X_train, X_tokenizer, X_dic_vocabulary = dic_seq["X"], dic_seq["tokenizer"], dic_seq["dic_vocabulary"]

In [None]:
dict(list(X_dic_vocabulary.items())[0:6])

In [None]:
# Preprocess X_test with the same tokenizer
X_test = text2seq(corpus=dtf_test["text_clean"], fitted_tokenizer=X_tokenizer, maxlen=X_train.shape[1])

In [None]:
# Add START and END tokens to the summaries (y)
special_tokens = ("<START>", "<END>")
dtf_train["y_clean"] = dtf_train['y_clean'].apply(lambda x: special_tokens[0]+' '+x+' '+special_tokens[1])
dtf_test["y_clean"] = dtf_test['y_clean'].apply(lambda x: special_tokens[0]+' '+x+' '+special_tokens[1])
dtf_test["y_clean"][i]

In [None]:
# Tokenize the summaries (y_train)
dic_seq = text2seq(corpus=dtf_train["y_clean"], top=y_top_words, maxlen=y_len)

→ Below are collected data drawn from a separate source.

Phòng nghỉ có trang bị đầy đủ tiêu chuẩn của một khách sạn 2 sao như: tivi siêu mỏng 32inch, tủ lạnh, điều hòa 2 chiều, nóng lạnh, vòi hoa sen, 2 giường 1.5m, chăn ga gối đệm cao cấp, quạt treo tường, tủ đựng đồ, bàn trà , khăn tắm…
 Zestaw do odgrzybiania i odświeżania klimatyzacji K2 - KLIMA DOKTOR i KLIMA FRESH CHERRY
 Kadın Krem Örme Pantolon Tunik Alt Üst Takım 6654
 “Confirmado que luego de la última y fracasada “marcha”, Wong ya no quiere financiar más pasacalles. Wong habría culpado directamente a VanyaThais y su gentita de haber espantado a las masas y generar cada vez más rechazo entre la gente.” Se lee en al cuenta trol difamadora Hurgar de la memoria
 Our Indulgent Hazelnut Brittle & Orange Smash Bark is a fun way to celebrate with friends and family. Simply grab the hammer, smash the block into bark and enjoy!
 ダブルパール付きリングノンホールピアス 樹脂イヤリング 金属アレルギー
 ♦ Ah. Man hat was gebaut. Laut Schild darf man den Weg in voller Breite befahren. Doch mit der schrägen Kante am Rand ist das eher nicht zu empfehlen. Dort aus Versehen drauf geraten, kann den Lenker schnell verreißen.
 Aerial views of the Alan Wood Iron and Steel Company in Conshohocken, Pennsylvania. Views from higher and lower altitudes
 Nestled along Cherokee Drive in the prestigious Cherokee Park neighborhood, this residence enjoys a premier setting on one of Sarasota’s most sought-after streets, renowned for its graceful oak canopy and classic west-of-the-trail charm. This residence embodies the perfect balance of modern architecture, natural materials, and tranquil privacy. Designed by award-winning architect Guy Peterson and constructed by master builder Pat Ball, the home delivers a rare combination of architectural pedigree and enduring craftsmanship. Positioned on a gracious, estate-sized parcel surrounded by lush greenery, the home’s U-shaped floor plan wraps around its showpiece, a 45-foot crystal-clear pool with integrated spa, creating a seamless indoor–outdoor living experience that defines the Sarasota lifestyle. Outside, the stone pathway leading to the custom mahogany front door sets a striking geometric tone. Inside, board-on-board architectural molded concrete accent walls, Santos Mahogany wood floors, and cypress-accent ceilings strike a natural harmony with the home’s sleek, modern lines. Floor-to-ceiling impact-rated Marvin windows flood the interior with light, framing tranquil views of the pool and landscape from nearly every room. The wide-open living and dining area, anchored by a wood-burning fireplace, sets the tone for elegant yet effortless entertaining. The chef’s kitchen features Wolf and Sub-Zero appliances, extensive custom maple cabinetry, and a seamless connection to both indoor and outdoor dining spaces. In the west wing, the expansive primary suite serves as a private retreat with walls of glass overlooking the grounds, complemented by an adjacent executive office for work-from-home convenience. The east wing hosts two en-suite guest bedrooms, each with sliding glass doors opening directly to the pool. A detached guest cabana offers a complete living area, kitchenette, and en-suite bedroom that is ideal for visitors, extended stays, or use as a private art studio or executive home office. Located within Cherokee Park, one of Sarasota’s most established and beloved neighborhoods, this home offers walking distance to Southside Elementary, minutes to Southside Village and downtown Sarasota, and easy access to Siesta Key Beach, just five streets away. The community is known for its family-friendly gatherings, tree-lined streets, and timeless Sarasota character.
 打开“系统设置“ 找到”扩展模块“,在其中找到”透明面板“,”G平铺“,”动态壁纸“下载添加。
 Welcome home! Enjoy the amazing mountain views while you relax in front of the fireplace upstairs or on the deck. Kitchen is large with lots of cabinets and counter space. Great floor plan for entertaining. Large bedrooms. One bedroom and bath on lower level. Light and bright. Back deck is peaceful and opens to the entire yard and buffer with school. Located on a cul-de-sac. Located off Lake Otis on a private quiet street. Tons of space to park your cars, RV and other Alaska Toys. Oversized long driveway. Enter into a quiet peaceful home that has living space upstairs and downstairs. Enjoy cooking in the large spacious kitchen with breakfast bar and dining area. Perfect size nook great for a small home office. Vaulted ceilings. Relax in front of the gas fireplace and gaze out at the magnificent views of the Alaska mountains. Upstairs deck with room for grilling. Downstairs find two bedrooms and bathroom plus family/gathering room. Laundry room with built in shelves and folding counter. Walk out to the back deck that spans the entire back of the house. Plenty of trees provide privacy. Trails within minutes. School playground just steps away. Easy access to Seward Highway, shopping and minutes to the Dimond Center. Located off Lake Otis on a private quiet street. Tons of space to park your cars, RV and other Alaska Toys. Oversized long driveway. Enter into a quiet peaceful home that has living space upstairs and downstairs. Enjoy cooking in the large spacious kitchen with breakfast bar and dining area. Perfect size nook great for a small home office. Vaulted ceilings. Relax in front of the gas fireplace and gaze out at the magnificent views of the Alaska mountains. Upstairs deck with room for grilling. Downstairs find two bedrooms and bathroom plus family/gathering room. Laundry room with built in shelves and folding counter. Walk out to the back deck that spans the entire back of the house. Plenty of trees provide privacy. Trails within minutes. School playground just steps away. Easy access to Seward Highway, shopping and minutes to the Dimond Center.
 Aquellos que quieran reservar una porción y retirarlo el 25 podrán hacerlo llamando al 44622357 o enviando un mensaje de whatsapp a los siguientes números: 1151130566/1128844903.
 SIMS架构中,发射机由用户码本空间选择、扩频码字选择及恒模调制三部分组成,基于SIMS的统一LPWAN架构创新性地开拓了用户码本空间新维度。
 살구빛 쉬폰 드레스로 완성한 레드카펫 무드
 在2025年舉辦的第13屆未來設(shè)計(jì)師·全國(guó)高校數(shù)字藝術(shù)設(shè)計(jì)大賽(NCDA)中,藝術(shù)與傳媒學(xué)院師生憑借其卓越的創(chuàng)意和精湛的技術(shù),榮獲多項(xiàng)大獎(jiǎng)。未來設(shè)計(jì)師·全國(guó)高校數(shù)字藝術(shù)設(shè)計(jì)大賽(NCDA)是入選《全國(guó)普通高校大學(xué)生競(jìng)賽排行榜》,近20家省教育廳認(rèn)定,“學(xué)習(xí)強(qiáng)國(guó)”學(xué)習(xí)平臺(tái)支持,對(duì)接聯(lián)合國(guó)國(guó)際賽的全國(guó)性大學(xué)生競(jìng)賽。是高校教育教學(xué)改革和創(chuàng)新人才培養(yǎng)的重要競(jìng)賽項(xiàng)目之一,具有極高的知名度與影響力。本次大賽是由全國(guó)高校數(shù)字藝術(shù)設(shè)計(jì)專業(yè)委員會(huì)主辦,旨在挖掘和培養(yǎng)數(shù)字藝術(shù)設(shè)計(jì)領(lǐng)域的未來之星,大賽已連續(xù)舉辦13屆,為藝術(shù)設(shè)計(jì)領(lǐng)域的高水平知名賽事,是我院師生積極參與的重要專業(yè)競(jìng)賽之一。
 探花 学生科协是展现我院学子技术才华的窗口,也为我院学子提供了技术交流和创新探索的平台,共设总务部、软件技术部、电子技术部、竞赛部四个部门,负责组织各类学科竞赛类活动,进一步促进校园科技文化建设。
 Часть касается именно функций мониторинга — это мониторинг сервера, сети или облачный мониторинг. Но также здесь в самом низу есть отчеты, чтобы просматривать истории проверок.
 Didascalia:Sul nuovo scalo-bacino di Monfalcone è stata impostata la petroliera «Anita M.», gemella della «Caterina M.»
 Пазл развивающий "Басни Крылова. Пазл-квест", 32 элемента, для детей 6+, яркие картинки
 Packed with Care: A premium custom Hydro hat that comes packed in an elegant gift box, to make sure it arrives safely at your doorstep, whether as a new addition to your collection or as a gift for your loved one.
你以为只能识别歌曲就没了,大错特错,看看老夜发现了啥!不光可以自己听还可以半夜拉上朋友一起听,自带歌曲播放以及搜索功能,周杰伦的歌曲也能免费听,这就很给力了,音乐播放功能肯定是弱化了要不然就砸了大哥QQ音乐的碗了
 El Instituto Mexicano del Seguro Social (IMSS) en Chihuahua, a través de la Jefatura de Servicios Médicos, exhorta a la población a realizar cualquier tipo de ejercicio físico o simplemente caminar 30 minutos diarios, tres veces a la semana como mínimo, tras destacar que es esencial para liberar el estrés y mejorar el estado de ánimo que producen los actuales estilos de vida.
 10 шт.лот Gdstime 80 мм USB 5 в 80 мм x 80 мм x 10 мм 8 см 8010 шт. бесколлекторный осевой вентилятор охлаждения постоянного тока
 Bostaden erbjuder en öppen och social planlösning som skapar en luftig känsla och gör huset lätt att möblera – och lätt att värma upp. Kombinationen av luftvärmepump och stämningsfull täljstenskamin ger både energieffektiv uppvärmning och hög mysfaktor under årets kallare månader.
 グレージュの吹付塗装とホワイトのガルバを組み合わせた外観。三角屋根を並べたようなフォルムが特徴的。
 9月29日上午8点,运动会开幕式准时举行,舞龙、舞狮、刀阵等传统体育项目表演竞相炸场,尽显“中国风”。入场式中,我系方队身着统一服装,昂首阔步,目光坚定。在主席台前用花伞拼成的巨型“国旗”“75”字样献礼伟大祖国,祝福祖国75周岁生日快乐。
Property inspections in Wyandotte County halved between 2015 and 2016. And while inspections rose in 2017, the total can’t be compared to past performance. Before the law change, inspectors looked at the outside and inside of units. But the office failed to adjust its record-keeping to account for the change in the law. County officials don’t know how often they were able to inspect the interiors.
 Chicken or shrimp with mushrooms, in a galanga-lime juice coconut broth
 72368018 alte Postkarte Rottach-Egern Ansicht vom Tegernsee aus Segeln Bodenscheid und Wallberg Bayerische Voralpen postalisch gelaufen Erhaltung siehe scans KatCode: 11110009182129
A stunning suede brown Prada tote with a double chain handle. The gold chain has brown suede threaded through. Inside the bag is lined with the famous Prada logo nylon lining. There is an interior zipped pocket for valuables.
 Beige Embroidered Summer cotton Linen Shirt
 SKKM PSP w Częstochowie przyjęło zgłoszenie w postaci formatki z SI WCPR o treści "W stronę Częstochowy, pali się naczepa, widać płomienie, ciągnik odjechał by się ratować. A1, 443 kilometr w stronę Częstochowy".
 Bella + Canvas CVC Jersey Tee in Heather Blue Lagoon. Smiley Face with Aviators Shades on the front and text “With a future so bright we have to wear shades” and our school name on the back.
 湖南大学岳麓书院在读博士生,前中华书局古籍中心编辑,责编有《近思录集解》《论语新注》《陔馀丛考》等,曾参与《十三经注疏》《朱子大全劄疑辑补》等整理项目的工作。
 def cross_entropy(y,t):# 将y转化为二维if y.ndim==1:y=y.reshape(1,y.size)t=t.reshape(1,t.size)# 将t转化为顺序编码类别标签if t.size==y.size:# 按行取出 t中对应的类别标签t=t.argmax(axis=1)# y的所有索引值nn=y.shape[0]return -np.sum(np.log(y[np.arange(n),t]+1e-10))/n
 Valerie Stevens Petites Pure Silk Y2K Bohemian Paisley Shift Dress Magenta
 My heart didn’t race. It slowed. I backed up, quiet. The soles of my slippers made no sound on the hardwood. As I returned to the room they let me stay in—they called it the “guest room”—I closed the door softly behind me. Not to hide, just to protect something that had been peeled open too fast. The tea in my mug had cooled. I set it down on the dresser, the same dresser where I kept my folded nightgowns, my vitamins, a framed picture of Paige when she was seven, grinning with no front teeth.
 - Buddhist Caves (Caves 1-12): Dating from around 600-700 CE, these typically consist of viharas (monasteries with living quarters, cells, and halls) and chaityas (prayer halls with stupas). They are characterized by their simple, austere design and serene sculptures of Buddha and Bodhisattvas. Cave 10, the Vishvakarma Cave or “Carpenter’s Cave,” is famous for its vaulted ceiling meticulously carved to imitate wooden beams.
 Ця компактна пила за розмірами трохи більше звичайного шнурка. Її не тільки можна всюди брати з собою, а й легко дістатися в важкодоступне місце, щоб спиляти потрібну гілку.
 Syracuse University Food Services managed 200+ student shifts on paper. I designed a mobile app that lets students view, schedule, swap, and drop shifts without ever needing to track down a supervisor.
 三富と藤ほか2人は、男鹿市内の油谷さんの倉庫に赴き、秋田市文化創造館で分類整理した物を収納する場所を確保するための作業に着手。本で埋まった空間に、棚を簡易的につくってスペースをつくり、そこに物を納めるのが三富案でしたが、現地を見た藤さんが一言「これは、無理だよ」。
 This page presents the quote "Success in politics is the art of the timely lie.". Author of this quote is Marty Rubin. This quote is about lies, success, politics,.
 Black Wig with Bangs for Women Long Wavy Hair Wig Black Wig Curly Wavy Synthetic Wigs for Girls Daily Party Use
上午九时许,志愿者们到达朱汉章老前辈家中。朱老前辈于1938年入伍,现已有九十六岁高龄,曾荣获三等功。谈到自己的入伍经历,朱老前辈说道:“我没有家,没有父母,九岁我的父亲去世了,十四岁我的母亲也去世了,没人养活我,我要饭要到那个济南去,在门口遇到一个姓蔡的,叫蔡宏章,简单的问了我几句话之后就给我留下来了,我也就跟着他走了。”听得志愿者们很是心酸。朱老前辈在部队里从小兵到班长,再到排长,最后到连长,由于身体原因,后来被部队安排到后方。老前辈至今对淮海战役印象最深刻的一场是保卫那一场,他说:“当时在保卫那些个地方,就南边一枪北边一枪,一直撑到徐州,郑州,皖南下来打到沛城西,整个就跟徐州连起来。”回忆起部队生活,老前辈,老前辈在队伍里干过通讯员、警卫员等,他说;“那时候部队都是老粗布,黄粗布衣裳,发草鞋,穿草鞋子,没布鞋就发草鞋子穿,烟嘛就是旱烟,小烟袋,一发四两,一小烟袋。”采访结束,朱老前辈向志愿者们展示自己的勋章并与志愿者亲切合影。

y_train, y_tokenizer, y_dic_vocabulary = dic_seq["X"], dic_seq["tokenizer"], dic_seq["dic_vocabulary"]

In [None]:
dict(list(y_dic_vocabulary.items())[0:6])

In [None]:
# Preprocess y_test with the same tokenizer
y_test = text2seq(corpus=dtf_test["y_clean"], fitted_tokenizer=y_tokenizer, maxlen=y_train.shape[1])

###### Create Embedding Weights

In [None]:
# Load pre-trained Word2Vec
nlp = gensim_api.load("glove-wiki-gigaword-300")

In [None]:
# Or train Word2Vec from scratch
#corpus =  dtf_train["text_clean"].append(dtf_train["y_clean"])
#lst_corpus, nlp = fit_w2v(corpus=corpus, min_count=1, size=300, window=y_avg_len)

In [None]:
# check nlp model
word = "home"
nlp[word].shape

In [None]:
X_embeddings = vocabulary_embeddings(X_dic_vocabulary, nlp)
X_embeddings.shape

In [None]:
y_embeddings = vocabulary_embeddings(y_dic_vocabulary, nlp)
y_embeddings.shape

###### Model Design

In [None]:
# Basic Seq2Seq
lstm_units = 250
embeddings_size = 300

##------------ ENCODER (embeddings + lstm) -----------------------------##
x_in = layers.Input(name="x_in", shape=(X_train.shape[1],))
### embedding
layer_x_emb = layers.Embedding(name="x_emb", input_dim=len(X_dic_vocabulary), output_dim=embeddings_size, 
                               trainable=True)
x_emb = layer_x_emb(x_in)
### lstm 
layer_x_lstm = layers.LSTM(name="x_lstm", units=lstm_units, dropout=0.4,  
                           return_sequences=True, return_state=True)
x_out, state_h, state_c = layer_x_lstm(x_emb)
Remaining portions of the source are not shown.